** Input data follows **
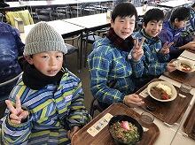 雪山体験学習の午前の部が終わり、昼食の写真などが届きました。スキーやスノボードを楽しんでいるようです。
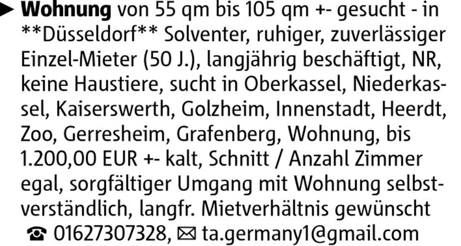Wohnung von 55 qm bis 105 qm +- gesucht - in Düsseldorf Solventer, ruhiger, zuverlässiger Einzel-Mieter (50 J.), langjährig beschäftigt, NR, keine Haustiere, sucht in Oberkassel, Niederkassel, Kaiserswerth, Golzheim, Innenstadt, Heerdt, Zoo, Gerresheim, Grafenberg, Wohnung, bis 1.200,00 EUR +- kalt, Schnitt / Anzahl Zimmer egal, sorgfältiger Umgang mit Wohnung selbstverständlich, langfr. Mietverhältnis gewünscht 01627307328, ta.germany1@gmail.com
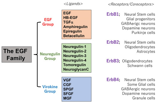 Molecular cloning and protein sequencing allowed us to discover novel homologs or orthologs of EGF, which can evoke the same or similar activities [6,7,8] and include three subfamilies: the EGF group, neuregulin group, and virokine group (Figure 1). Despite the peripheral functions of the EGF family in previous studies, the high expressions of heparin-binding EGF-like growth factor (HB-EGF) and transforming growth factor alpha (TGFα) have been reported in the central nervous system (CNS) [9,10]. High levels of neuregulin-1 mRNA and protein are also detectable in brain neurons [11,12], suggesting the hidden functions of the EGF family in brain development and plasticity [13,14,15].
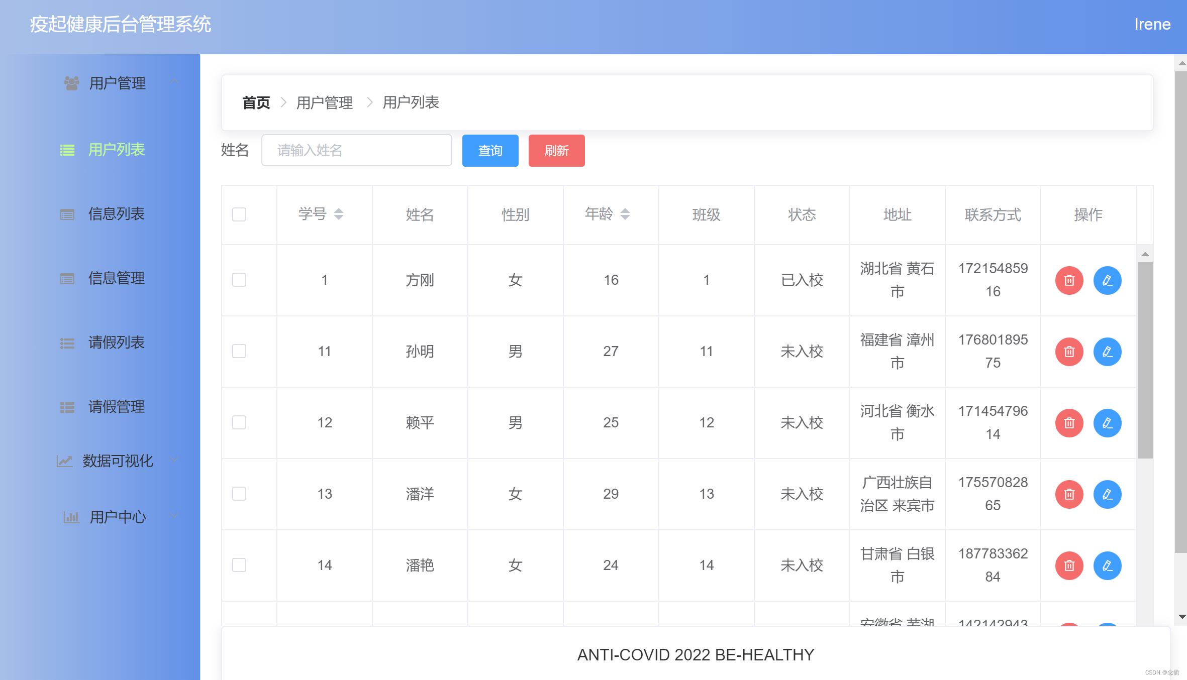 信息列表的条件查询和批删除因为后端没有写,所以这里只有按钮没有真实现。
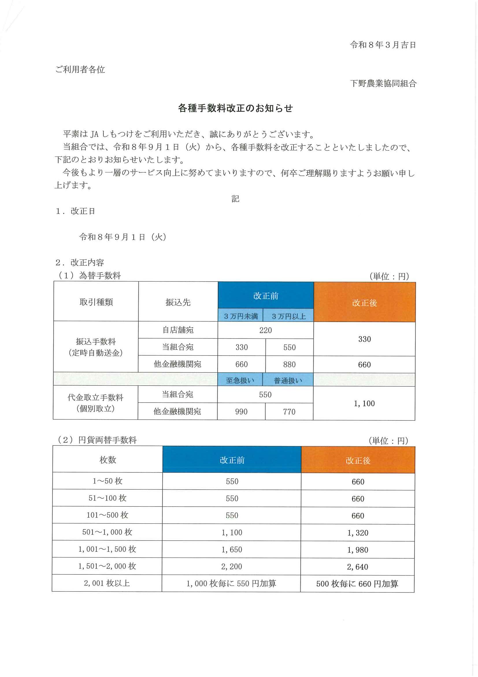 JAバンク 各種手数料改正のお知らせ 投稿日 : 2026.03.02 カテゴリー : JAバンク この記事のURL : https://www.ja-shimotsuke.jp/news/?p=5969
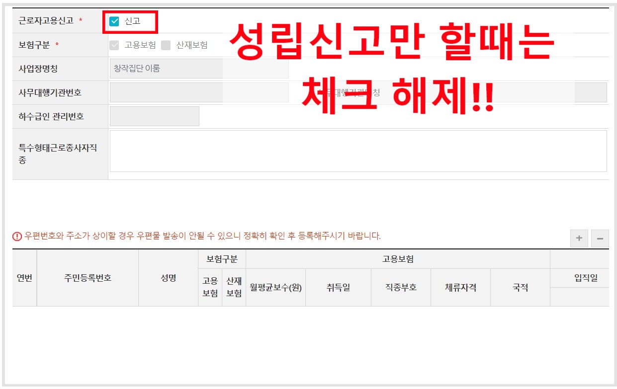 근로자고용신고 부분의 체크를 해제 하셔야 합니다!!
** End of Input data **
● Exercise: Give back only the lines from the one that carries "信息列表的条件查询和批删除因为后端没有写,所以这里只有按钮没有真实现。" through the final line above, both included. Drop all pictures.

● Result for this task:
 信息列表的条件查询和批删除因为后端没有写,所以这里只有按钮没有真实现。
 JAバンク 各種手数料改正のお知らせ 投稿日 : 2026.03.02 カテゴリー : JAバンク この記事のURL : https://www.ja-shimotsuke.jp/news/?p=5969
 근로자고용신고 부분의 체크를 해제 하셔야 합니다!!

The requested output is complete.